30.12.2009

Hochwasser an der Mulde vor 1800 Jahren

Grubenhaus der älteren Römischen Kaiserzeit nach der Ausgrabung, unter der Verfüllung der Hausgrube wurden 20 Pfostenstandspuren dokumentiert, eine Stufe in der Wandung belegt einen Zugang im Nordwesten 
© Landesamt für Archäologie

In Vorbereitung des Deichbaues wurden bei Deuben (Gemeinde Bennewitz, Lkr. Leipzig) Ausschnitte mehrerer kaiserzeitlicher Siedlungen untersucht

Zwischen den Ortslagen Bennewitz und Grubnitz war durch die Landestalsperrenverwaltung Sachsen die Ertüchtigung des Hochwasserschutzdeiches auf einer Länge von ca. 1,8 km geplant. Die mit dem Deichbau verbundenen Bodeneingriffe machten eine vorausgehende archäologische Untersuchung durch Mitarbeiter des Landesamtes für Archäologie erforderlich. Während des ersten Grabungsabschnittes (Prospektion) wurden im Juli und August 2009 innerhalb eines etwa 600 m langen Abschnittes südlich der Ortslage Grubnitz, drei Areale mit kaiserzeitlichen Siedlungsbefunden angetroffen. Ihre detaillierte Untersuchung schloss sich von September bis Dezember 2009 an.
Die Fundstellen befinden sich unmittelbar westlich des heutigen Muldelaufes bzw. am Ufer eines Altlaufes, welcher den Flurnamen »Schlippe« trägt. Geomorphologisch betrachtet liegen sie, wie auch die Ortslagen Bennewitz, Deuben und Grubnitz, auf der in der Weichsel-Kaltzeit entstandenen  Tieferen Niederterrasse (»Tallehmterrasse«) der Mulde. Auf einer der Grabungsflächen (GBY-05) konnte ein Grubenhaus der älteren Römischen Kaiserzeit untersucht werden. Es war in WNW-OSO-Richtung orientiert und wies eine Größe von 4,3 x 3,5 m auf.
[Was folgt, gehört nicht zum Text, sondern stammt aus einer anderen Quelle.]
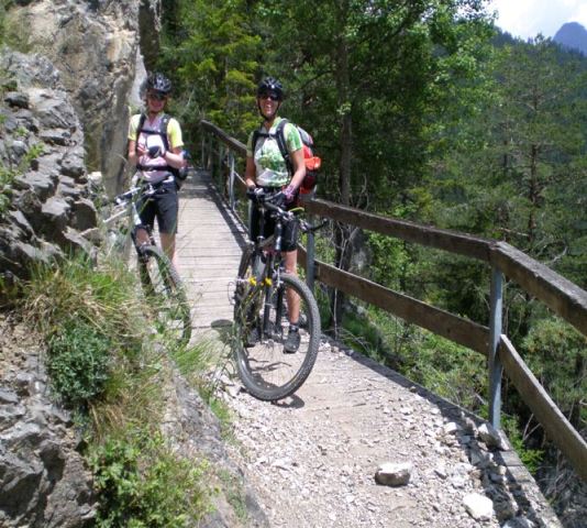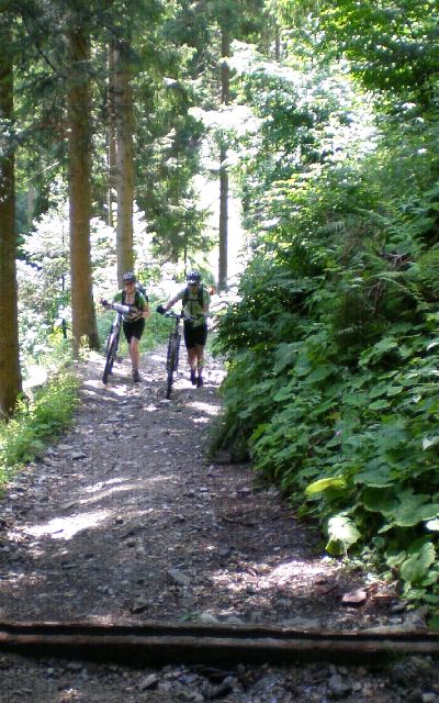 Auf dem Panoramaweg unterhalb der Zugspitze fuhren wir durch einen Lerchenwald Richtung Fernpass. Nach einigen kurzen Schiebepassagen (steile Schotterrampen), einem super Trail über den Campingplatz Fernsee ging’s dann nach Nassereith. Über den Höhenweg fuhren wir nach Imst und von dort ging es nach Schönwies, wo wir kein Zimmer fanden. Also mussten wir bis nach Zams weiterfahren. Auf dieser Strecke überraschte uns dann ein Wolkenbruch. So Nass bin ich noch nie gewesen. Dank der Thai- Wirtsleute und einem beheizbaren Schrank waren unsere Kleider am nächsten morgen wieder trocken.

Unter einer Bedeckung aus sterilem Auelehm wurden 7 Ofenbefunde freigelegt. Der Ofen dessen Aufgehendes noch teilweise erhalten ist (im Bild rechts oben), enthielt einen Schlackeklotz und diente der Verhüttung von Eisenerz (Raseneisenstein)
Unter einer Bedeckung aus sterilem Auelehm wurden 7 Ofenbefunde freigelegt. Der Ofen dessen Aufgehendes noch teilweise erhalten ist (im Bild rechts oben), enthielt einen Schlackeklotz und diente der Verhüttung von Eisenerz (Raseneisenstein)  © Landesamt für Archäologie

Eine ungewöhnliche Befundsituation war in nur 20 m Entfernung zum Grubenhaus gegeben. Hier konnten 7 Öfen nachgewiesen werden. Die dazugehörigen Ofengruben wurden in den Hangbereich eines heute an der Geländeoberfläche nicht mehr sichtbaren Altlaufes der Mulde eingetieft. Von einem der Öfen war noch ein Teil des konisch aufgehenden Schachtes nachweisbar. Die gute Erhaltung dieses Befundes lässt sich nur durch eine rasche Überdeckung durch Hochflutlehm (Auelehm) während eines oder mehrerer Hochwasserereignisse erklären, welche somit etwa 1800 Jahre zurückliegen. An der Gemarkungsgrenze zu Grubnitz wurden auf einer Fläche von 580 m2 Größe weitere kaiserzeitliche Siedlungsbefunde dokumentiert (GBY-06). Direkt oberhalb des Hanges zum Muldealtlauf »Schlippe« konnten die Grundrisse zweier ebenerdiger  Langhäuser in Ausschnitten sowie von zwei Grubenhäusern nachgewiesen werden. An der Peripherie der Siedlungsfläche wurde ein rechteckiger Speicherbau mit 9 Pfosten aufgedeckt.

Die Untersuchungen beim Deichbau an der Mulde werden 2011 fortgesetzt.

Literaturvorschlag (erscheint Anfang 2011):
O. Ullrich: Kaiserzeitliche Siedlungsfunde im Tal der Mulde bei Wurzen. Untersuchungen beim Deichbau zwischen Bennewitz und Grubnitz, ARCHÆO 7, 2011.